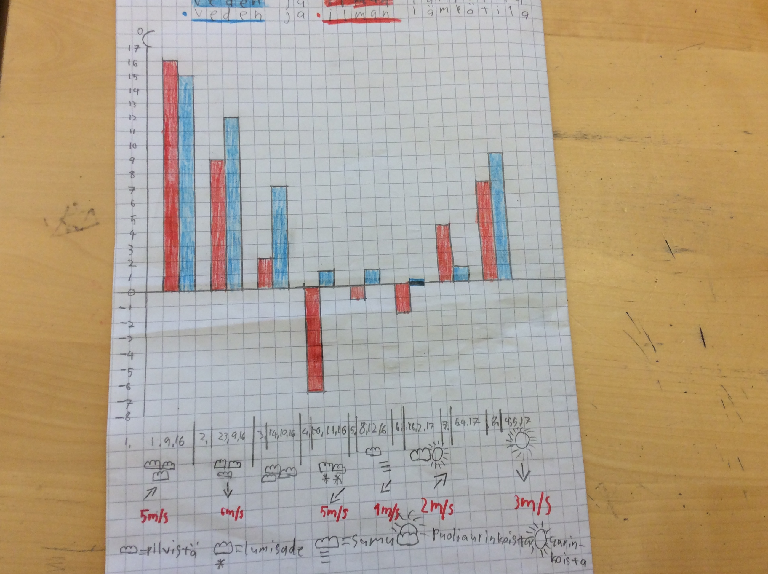Yhteenveto veden ja ilman lämpötilasta
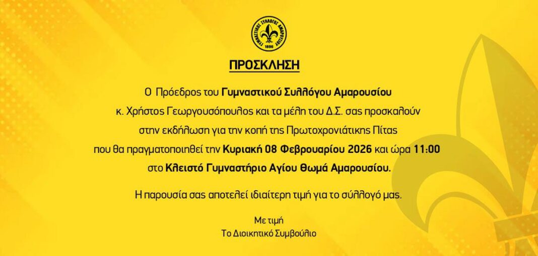 Ο Γυμναστικός Σύλλογος Αμαρουσίου σας προσκαλεί στην εκδήλωση για την κοπή της Πρωτοχρονιάτικης Πίτας.
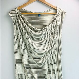 Derek Lam Linen Blend Drop Hem Striped Relaxed Casual Dress Cream
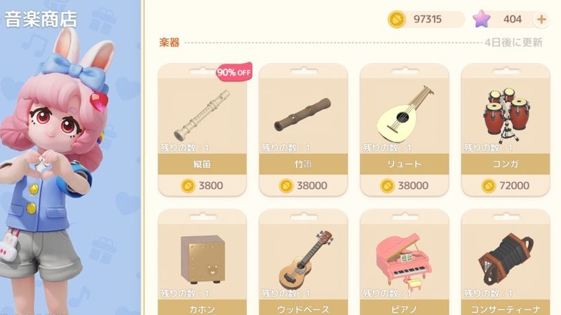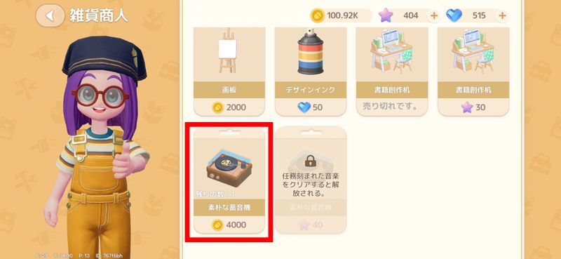 雑貨店で下までスクロールし、「素朴な蓄音機」を購入すると音楽収録が解放されます。
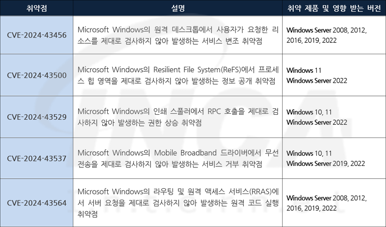 Microsoft 사는 제품에서 발생하는 취약점에 대한 보안 업데이트를 발표하고, 관련 취약점을 해결하기 위해 최신 버전으로 업데이트할 것을 권고하였다.
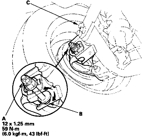 4. Turn the tie-rod end (C) until the toe is correct.
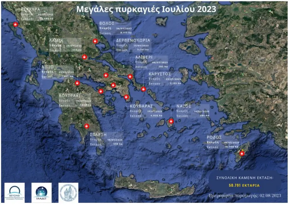 H Επιχειρησιακή Μονάδα BEYOND του Ινστιτούτου Αστρονομίας, Αστροφυσικής, Διαστημικών Εφαρμογών & Τηλεπισκόπησης (ΙΑΑΔΕΤ) του Εθνικού Αστεροσκοπείου Αθηνών (ΕΑΑ) κατέγραψε λεπτομερώς τις καμένες εκτάσεις που οφείλονται στις σημαντικότερες πυρκαγιές που συνέβησαν στη χώρα μέχρι και τις 2 Αυγούστου 2023. Με βάση τον απολογισμό εκτιμάται ότι τον Ιούλιο 2023 έχουν καεί εκτάσεις της τάξης των 507.910 στρεμμάτων, με το νησί της Ρόδου μόνο, να μετρά 180.000 καμένα στρέμματα, ενώ μεγάλο πλήγμα δέχτηκαν επίσης η Δυτική Αττική αλλά και η Μαγνησία.
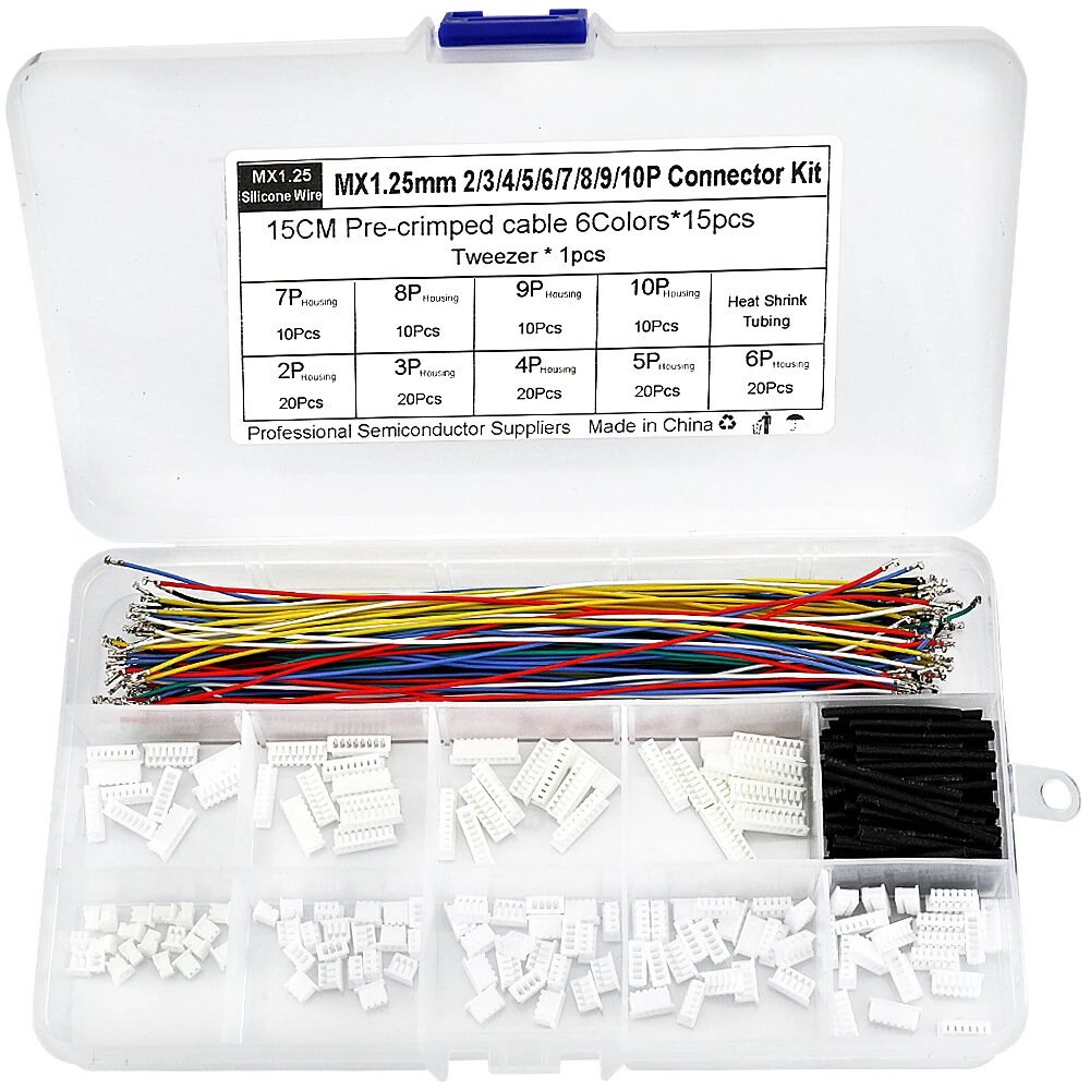 المواصفات:نوع الموصل: موصل دبوس ذكر MX1.25MM مع التواءطول السلك: 15CMنوع السلك: سلك سيليكون، مسبق الضغطألوان الكابل: 6 ألوان (أحمر، أصفر، أخضر، أزرق، أسود، أبيض)خيارات الدبابيس: 2P/3P/4P/5P/6P/7P/8P/9P/10Pالكمية: إجمالي 200 كابلالإكسسوارات: تشمل ملاقط و20 أنبوب انكماش حراريأبعاد صندوق التخزين: 173mm × 96mm × 23mmإجمالي الوزن: 100 جراممقاومة الحرارة: بناء كابل عالي الحرارةالميزات:1. خيارات رقم التعريف الشخصي الشاملةيتضمن الموصلات التي تتراوح من 2P إلى 10P، مما يضمن التوافق مع مختلف احتياجات التطبيقات. مثالي للنماذج الأولية والتجارب ومشاريع التجميع.2. مسبق الثني وجاهز للاستخدامتساعد الأسلاك المسبقة التقلص على تبسيط عملية الاتصال واللحام، مما يوفر لك وقت إعداد ثمين في مشاريعك الإلكترونية.3. تصميم صندوق تخزين منظمحافظة بلاستيكية متينة تحتوي على ح جرز فردية لتسهيل فرز واسترجاع الموصلات والكابلات أثناء الاستخدام. تحافظ على نظافة وتنظيم مساحة عملك.4. كابلات سيليكون عالية الحرارةمصنوع من أسلاك سيليكون عالية الجودة مصممة لتحمل درجات حرارة التشغيل المرتفعة، مما يضمن أداءً مستقرًا في البيئات الصعبة.5. مجموعة ملحقات كاملةتتضمن الملقط الإضافي وأنابيب الانكماش الحراري لتوفير حل كامل، مما يساعد في التجميع الدقيق وتأمين اتصالات الكابل.الحزمة تشمل:20 × 2P MX1.25MM الموصلات20 × 3P MX1.25MM موصلات20 × 4P MX1.25MM موصلات20 × 5P MX1.25MM الموصلات20 x 6P MX1.25MM موصلات10 × 7P MX1.25MM موصلات10 × 8P MX1.25MM موصلات10x 9P MX1.25MM موصلات10 × 10P MX1.25MM موصلات200 × أسلاك سيليكون مسبقة التقلص (6 ألوان، 15 سم لكل منها)1 x ملقط20 x أنابيب انكماش حراري

# Exercise details
The whole listing above must be duplicated word for word, apart from its pictures.

# Result of the task
Yhteenveto veden ja ilman lämpötilasta
 Ο Γυμναστικός Σύλλογος Αμαρουσίου σας προσκαλεί στην εκδήλωση για την κοπή της Πρωτοχρονιάτικης Πίτας.
 Derek Lam Linen Blend Drop Hem Striped Relaxed Casual Dress Cream
 雑貨店で下までスクロールし、「素朴な蓄音機」を購入すると音楽収録が解放されます。
 Microsoft 사는 제품에서 발생하는 취약점에 대한 보안 업데이트를 발표하고, 관련 취약점을 해결하기 위해 최신 버전으로 업데이트할 것을 권고하였다.
 4. Turn the tie-rod end (C) until the toe is correct.
 H Επιχειρησιακή Μονάδα BEYOND του Ινστιτούτου Αστρονομίας, Αστροφυσικής, Διαστημικών Εφαρμογών & Τηλεπισκόπησης (ΙΑΑΔΕΤ) του Εθνικού Αστεροσκοπείου Αθηνών (ΕΑΑ) κατέγραψε λεπτομερώς τις καμένες εκτάσεις που οφείλονται στις σημαντικότερες πυρκαγιές που συνέβησαν στη χώρα μέχρι και τις 2 Αυγούστου 2023. Με βάση τον απολογισμό εκτιμάται ότι τον Ιούλιο 2023 έχουν καεί εκτάσεις της τάξης των 507.910 στρεμμάτων, με το νησί της Ρόδου μόνο, να μετρά 180.000 καμένα στρέμματα, ενώ μεγάλο πλήγμα δέχτηκαν επίσης η Δυτική Αττική αλλά και η Μαγνησία.
 المواصفات:نوع الموصل: موصل دبوس ذكر MX1.25MM مع التواءطول السلك: 15CMنوع السلك: سلك سيليكون، مسبق الضغطألوان الكابل: 6 ألوان (أحمر، أصفر، أخضر، أزرق، أسود، أبيض)خيارات الدبابيس: 2P/3P/4P/5P/6P/7P/8P/9P/10Pالكمية: إجمالي 200 كابلالإكسسوارات: تشمل ملاقط و20 أنبوب انكماش حراريأبعاد صندوق التخزين: 173mm × 96mm × 23mmإجمالي الوزن: 100 جراممقاومة الحرارة: بناء كابل عالي الحرارةالميزات:1. خيارات رقم التعريف الشخصي الشاملةيتضمن الموصلات التي تتراوح من 2P إلى 10P، مما يضمن التوافق مع مختلف احتياجات التطبيقات. مثالي للنماذج الأولية والتجارب ومشاريع التجميع.2. مسبق الثني وجاهز للاستخدامتساعد الأسلاك المسبقة التقلص على تبسيط عملية الاتصال واللحام، مما يوفر لك وقت إعداد ثمين في مشاريعك الإلكترونية.3. تصميم صندوق تخزين منظمحافظة بلاستيكية متينة تحتوي على ح جرز فردية لتسهيل فرز واسترجاع الموصلات والكابلات أثناء الاستخدام. تحافظ على نظافة وتنظيم مساحة عملك.4. كابلات سيليكون عالية الحرارةمصنوع من أسلاك سيليكون عالية الجودة مصممة لتحمل درجات حرارة التشغيل المرتفعة، مما يضمن أداءً مستقرًا في البيئات الصعبة.5. مجموعة ملحقات كاملةتتضمن الملقط الإضافي وأنابيب الانكماش الحراري لتوفير حل كامل، مما يساعد في التجميع الدقيق وتأمين اتصالات الكابل.الحزمة تشمل:20 × 2P MX1.25MM الموصلات20 × 3P MX1.25MM موصلات20 × 4P MX1.25MM موصلات20 × 5P MX1.25MM الموصلات20 x 6P MX1.25MM موصلات10 × 7P MX1.25MM موصلات10 × 8P MX1.25MM موصلات10x 9P MX1.25MM موصلات10 × 10P MX1.25MM موصلات200 × أسلاك سيليكون مسبقة التقلص (6 ألوان، 15 سم لكل منها)1 x ملقط20 x أنابيب انكماش حراري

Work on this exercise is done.